Assignment: Return only that part of the material below which starts with the line containing "Facilitates direct completion" and goes on through the line containing "واستنادا لهذه التغيرات،", restated exactly.

Exercise inputs:
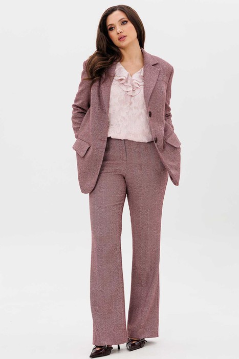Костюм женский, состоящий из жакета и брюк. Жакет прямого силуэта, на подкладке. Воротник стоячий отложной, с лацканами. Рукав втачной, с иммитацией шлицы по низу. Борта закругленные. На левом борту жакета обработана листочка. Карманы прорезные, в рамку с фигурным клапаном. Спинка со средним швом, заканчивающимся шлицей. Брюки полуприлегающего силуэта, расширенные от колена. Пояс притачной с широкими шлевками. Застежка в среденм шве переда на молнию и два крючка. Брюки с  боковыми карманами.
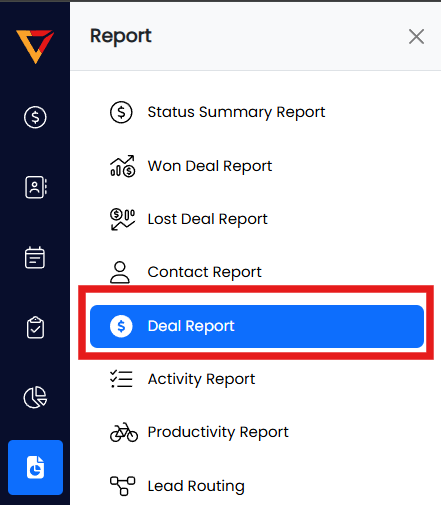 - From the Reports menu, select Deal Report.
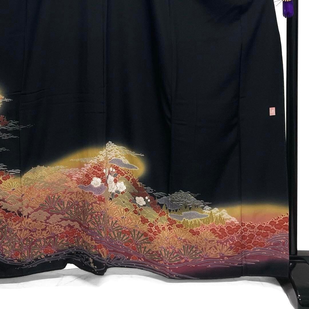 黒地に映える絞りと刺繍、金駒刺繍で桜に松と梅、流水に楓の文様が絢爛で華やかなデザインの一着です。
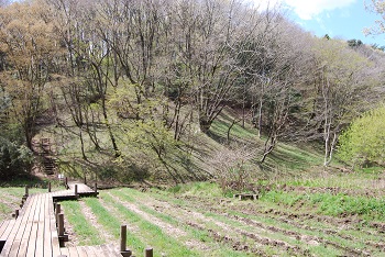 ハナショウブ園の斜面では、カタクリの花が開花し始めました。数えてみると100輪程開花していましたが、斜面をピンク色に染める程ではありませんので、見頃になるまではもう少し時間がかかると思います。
--
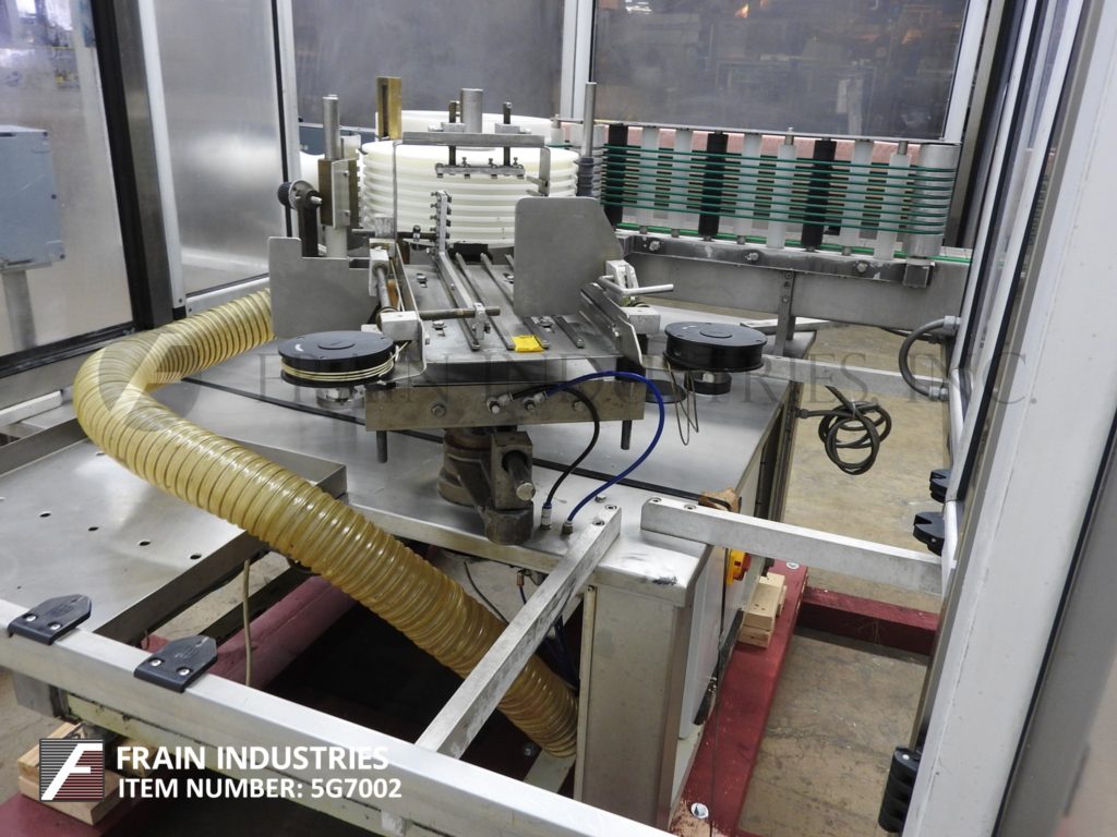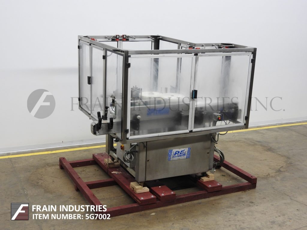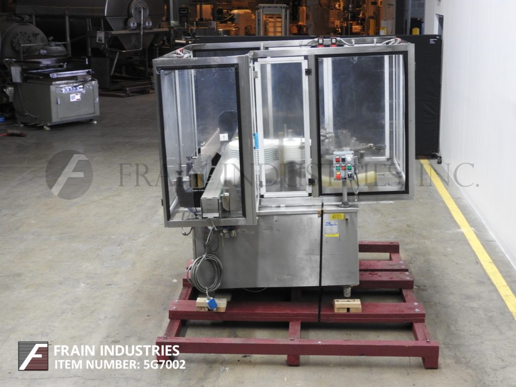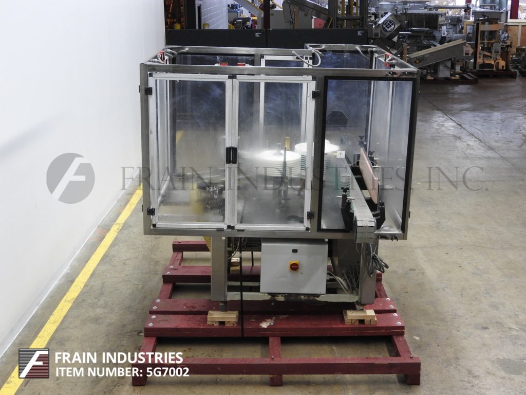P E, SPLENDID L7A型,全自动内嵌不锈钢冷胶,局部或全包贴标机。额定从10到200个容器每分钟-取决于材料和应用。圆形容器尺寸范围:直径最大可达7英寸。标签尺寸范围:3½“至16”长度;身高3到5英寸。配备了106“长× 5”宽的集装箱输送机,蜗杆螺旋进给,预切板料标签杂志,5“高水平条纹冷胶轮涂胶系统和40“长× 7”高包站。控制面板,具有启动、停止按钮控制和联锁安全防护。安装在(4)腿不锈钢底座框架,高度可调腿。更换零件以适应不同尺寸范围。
--
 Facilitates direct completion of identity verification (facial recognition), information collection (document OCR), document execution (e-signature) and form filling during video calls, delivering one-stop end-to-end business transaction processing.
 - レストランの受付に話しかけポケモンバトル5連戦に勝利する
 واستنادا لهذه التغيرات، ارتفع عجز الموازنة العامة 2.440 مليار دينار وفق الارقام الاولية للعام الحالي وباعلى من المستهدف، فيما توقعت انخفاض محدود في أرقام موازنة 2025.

Response to this exercise:
 Facilitates direct completion of identity verification (facial recognition), information collection (document OCR), document execution (e-signature) and form filling during video calls, delivering one-stop end-to-end business transaction processing.
 - レストランの受付に話しかけポケモンバトル5連戦に勝利する
 واستنادا لهذه التغيرات، ارتفع عجز الموازنة العامة 2.440 مليار دينار وفق الارقام الاولية للعام الحالي وباعلى من المستهدف، فيما توقعت انخفاض محدود في أرقام موازنة 2025.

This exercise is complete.